**Required work**.
Print the data exactly as written, but leave out each picture.

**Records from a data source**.
━━━━━━━━━━━━━━━━

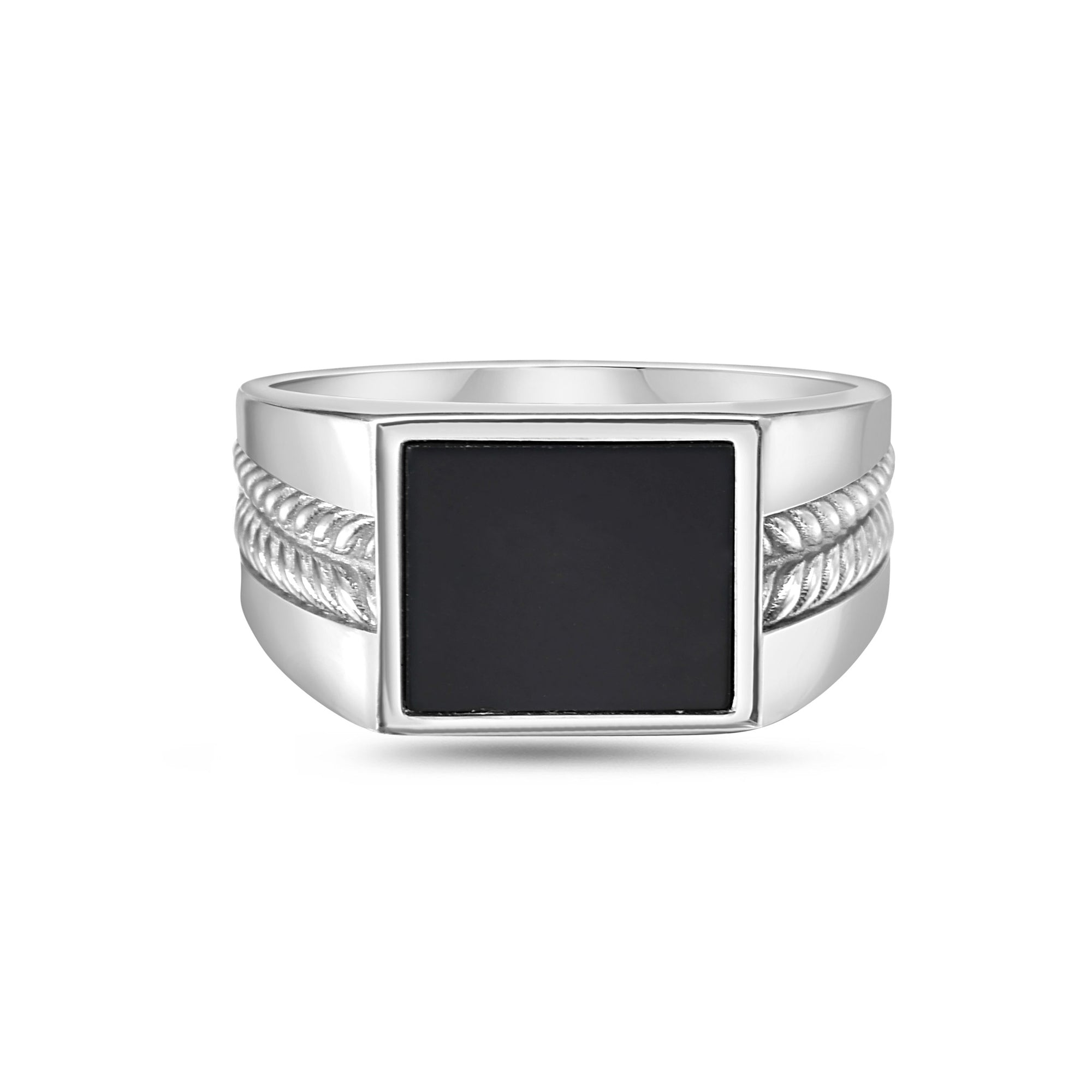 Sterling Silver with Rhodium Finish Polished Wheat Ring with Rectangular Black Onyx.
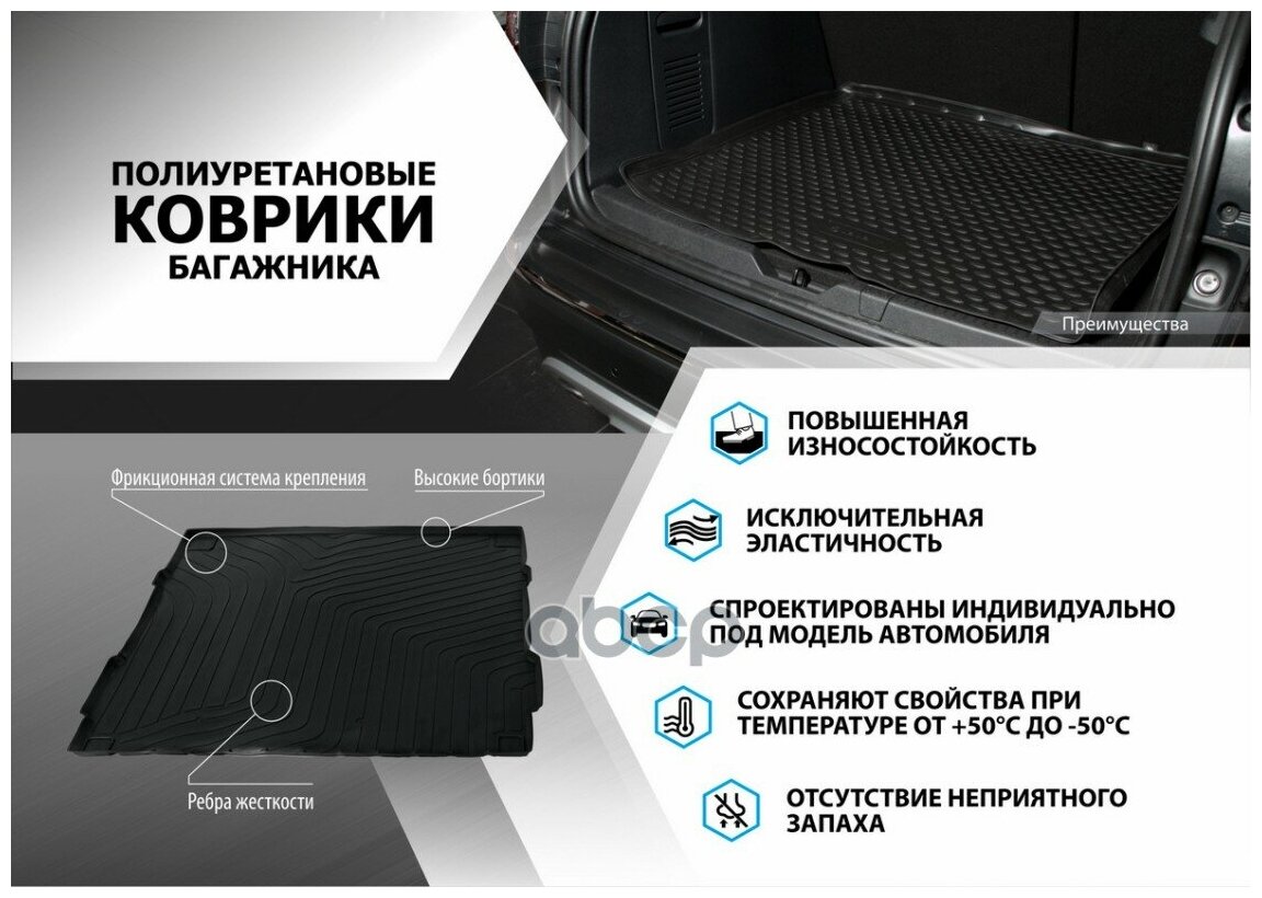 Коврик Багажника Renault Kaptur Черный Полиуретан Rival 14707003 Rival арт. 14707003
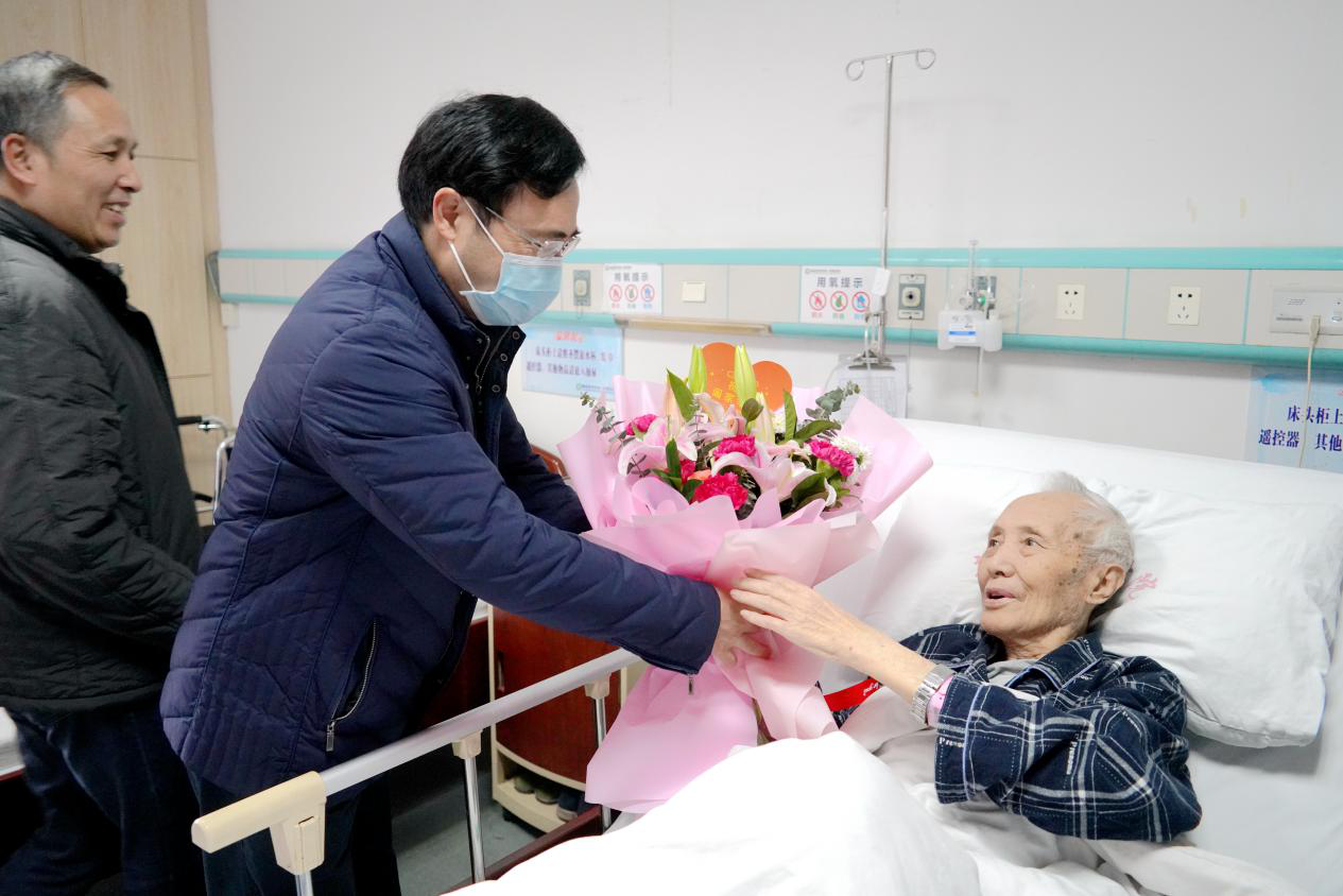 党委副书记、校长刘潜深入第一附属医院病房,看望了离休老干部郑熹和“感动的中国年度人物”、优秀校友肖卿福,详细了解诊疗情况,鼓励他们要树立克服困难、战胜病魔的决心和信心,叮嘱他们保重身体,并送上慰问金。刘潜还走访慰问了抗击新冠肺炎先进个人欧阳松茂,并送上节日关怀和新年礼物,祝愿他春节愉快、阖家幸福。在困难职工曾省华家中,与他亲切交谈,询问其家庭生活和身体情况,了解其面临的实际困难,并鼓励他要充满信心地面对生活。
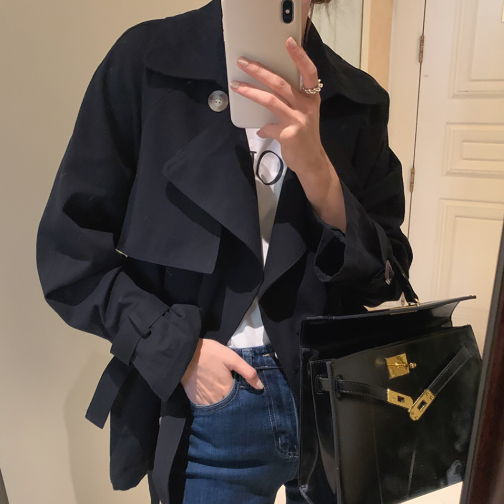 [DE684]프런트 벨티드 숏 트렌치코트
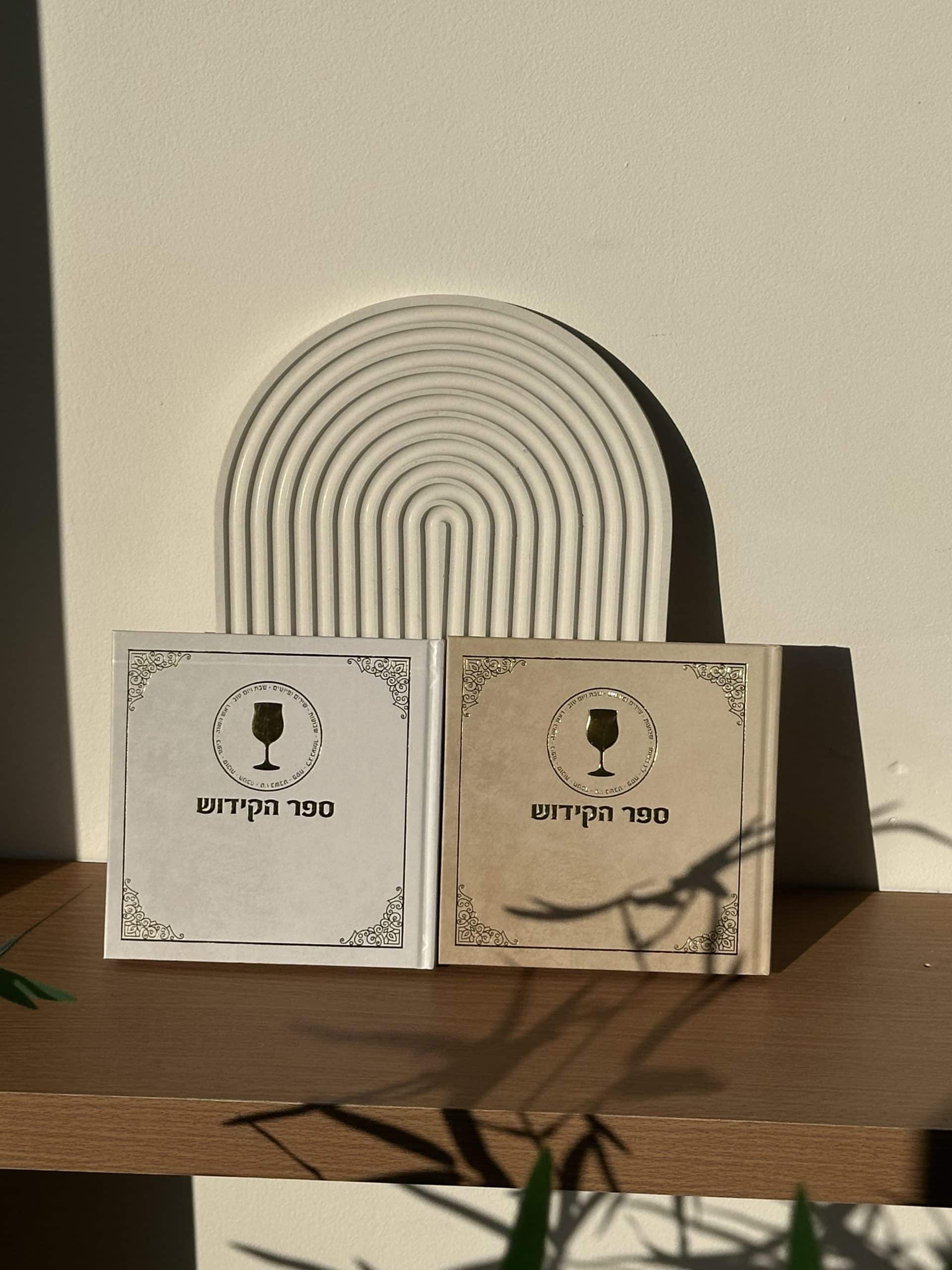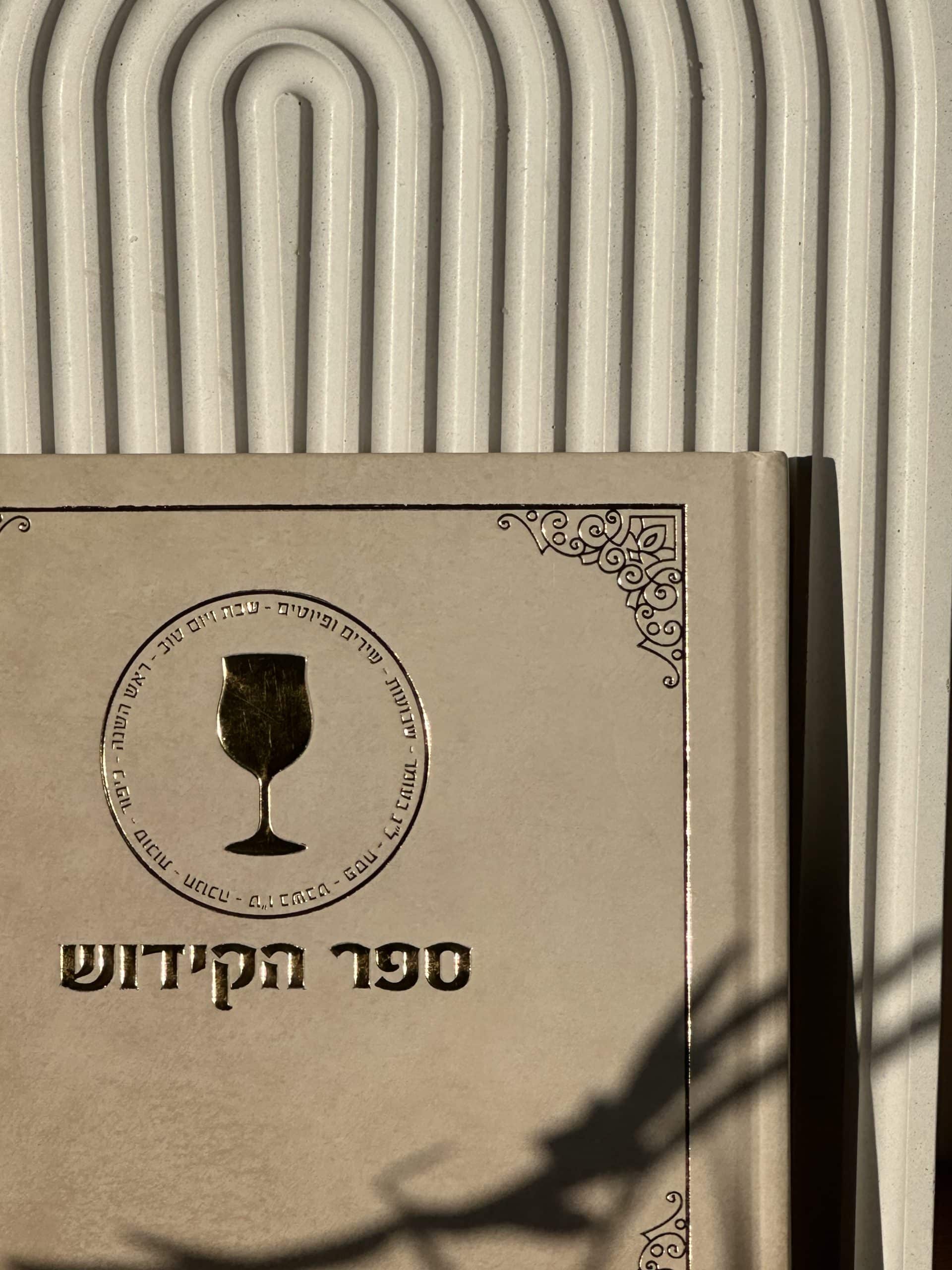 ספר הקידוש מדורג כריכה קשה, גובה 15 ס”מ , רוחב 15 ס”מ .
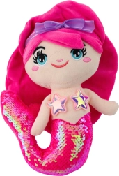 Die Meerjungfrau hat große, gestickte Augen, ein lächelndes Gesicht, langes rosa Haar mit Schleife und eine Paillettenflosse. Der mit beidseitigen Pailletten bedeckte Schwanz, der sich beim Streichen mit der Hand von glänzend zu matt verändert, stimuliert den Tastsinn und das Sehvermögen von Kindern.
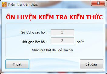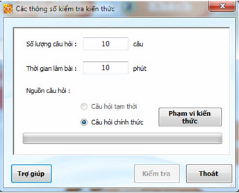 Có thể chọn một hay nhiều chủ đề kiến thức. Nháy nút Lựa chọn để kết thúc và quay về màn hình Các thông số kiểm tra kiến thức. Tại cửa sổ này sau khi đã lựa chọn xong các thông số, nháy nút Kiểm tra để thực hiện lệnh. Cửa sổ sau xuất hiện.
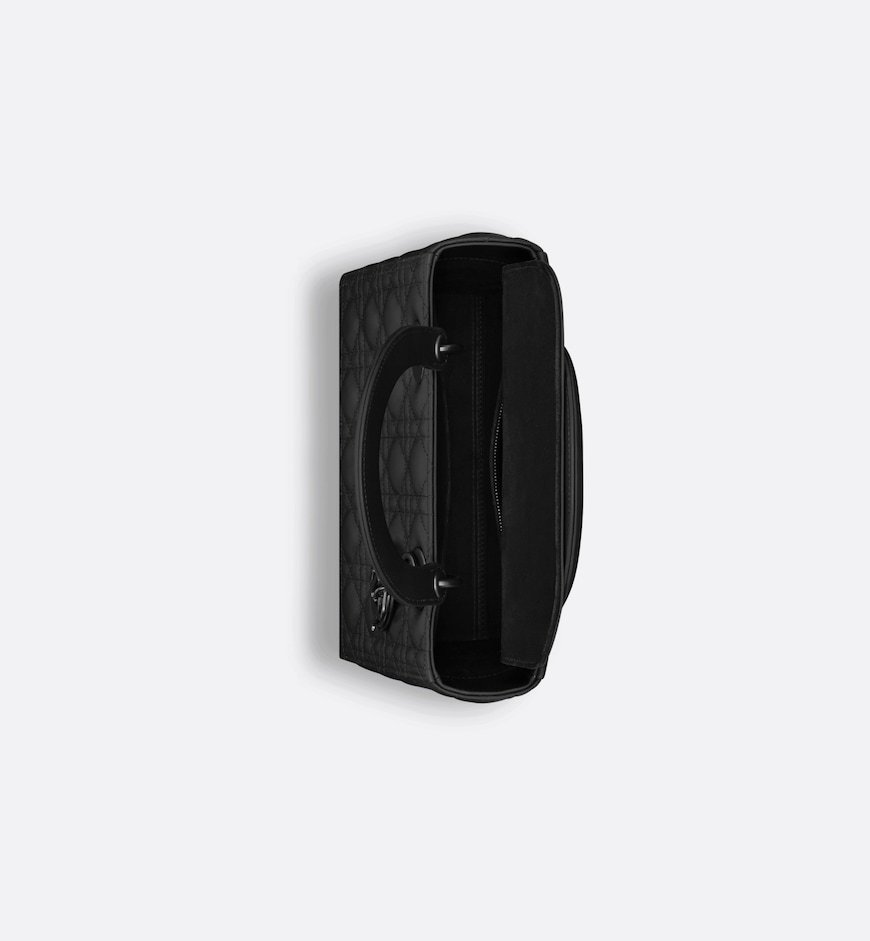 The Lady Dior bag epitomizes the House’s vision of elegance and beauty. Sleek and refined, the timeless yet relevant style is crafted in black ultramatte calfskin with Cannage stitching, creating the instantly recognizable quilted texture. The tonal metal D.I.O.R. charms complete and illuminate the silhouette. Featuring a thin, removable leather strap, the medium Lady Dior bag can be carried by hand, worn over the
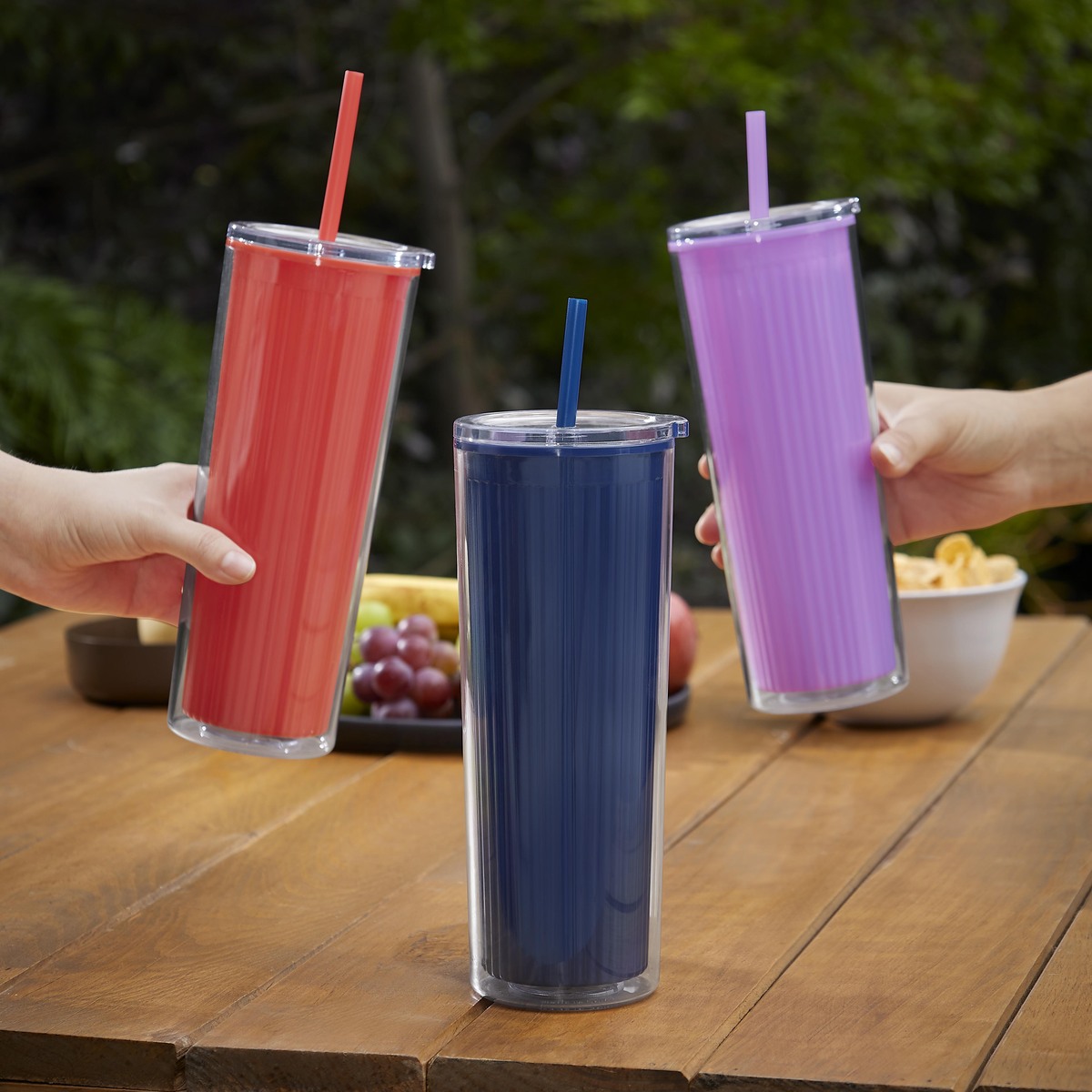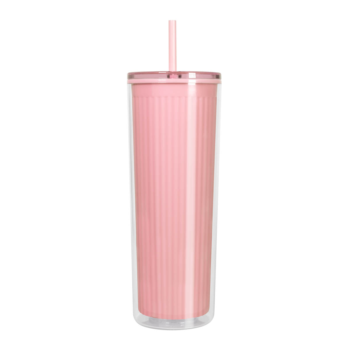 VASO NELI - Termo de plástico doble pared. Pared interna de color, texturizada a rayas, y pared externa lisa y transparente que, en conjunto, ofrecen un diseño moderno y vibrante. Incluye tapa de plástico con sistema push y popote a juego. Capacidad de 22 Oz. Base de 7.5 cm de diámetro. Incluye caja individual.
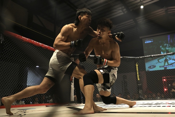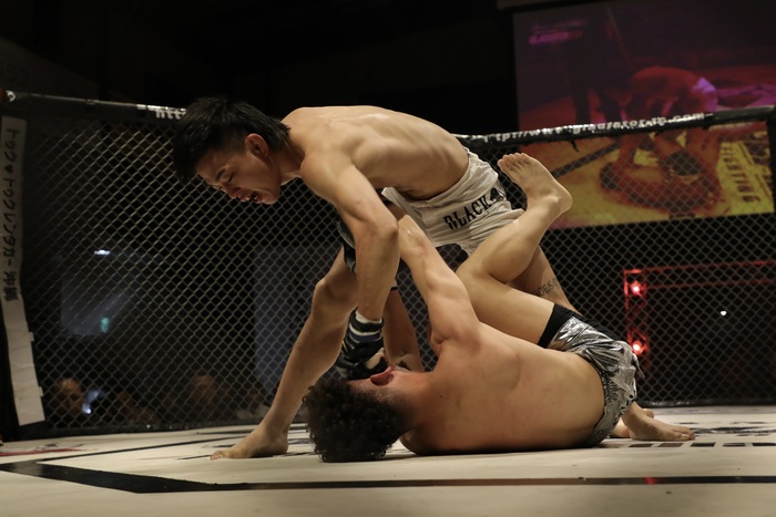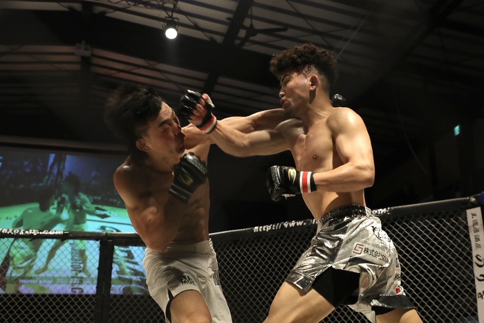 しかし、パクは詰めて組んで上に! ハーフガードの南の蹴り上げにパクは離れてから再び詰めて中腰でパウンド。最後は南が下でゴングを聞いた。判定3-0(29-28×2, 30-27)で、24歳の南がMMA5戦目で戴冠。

━━━━━━━━━━━━━━━━

**Output of the task**.
 Sterling Silver with Rhodium Finish Polished Wheat Ring with Rectangular Black Onyx.
 Коврик Багажника Renault Kaptur Черный Полиуретан Rival 14707003 Rival арт. 14707003
 党委副书记、校长刘潜深入第一附属医院病房,看望了离休老干部郑熹和“感动的中国年度人物”、优秀校友肖卿福,详细了解诊疗情况,鼓励他们要树立克服困难、战胜病魔的决心和信心,叮嘱他们保重身体,并送上慰问金。刘潜还走访慰问了抗击新冠肺炎先进个人欧阳松茂,并送上节日关怀和新年礼物,祝愿他春节愉快、阖家幸福。在困难职工曾省华家中,与他亲切交谈,询问其家庭生活和身体情况,了解其面临的实际困难,并鼓励他要充满信心地面对生活。
 [DE684]프런트 벨티드 숏 트렌치코트
 ספר הקידוש מדורג כריכה קשה, גובה 15 ס”מ , רוחב 15 ס”מ .
 Die Meerjungfrau hat große, gestickte Augen, ein lächelndes Gesicht, langes rosa Haar mit Schleife und eine Paillettenflosse. Der mit beidseitigen Pailletten bedeckte Schwanz, der sich beim Streichen mit der Hand von glänzend zu matt verändert, stimuliert den Tastsinn und das Sehvermögen von Kindern.
 Có thể chọn một hay nhiều chủ đề kiến thức. Nháy nút Lựa chọn để kết thúc và quay về màn hình Các thông số kiểm tra kiến thức. Tại cửa sổ này sau khi đã lựa chọn xong các thông số, nháy nút Kiểm tra để thực hiện lệnh. Cửa sổ sau xuất hiện.
 The Lady Dior bag epitomizes the House’s vision of elegance and beauty. Sleek and refined, the timeless yet relevant style is crafted in black ultramatte calfskin with Cannage stitching, creating the instantly recognizable quilted texture. The tonal metal D.I.O.R. charms complete and illuminate the silhouette. Featuring a thin, removable leather strap, the medium Lady Dior bag can be carried by hand, worn over the
 VASO NELI - Termo de plástico doble pared. Pared interna de color, texturizada a rayas, y pared externa lisa y transparente que, en conjunto, ofrecen un diseño moderno y vibrante. Incluye tapa de plástico con sistema push y popote a juego. Capacidad de 22 Oz. Base de 7.5 cm de diámetro. Incluye caja individual.
 しかし、パクは詰めて組んで上に! ハーフガードの南の蹴り上げにパクは離れてから再び詰めて中腰でパウンド。最後は南が下でゴングを聞いた。判定3-0(29-28×2, 30-27)で、24歳の南がMMA5戦目で戴冠。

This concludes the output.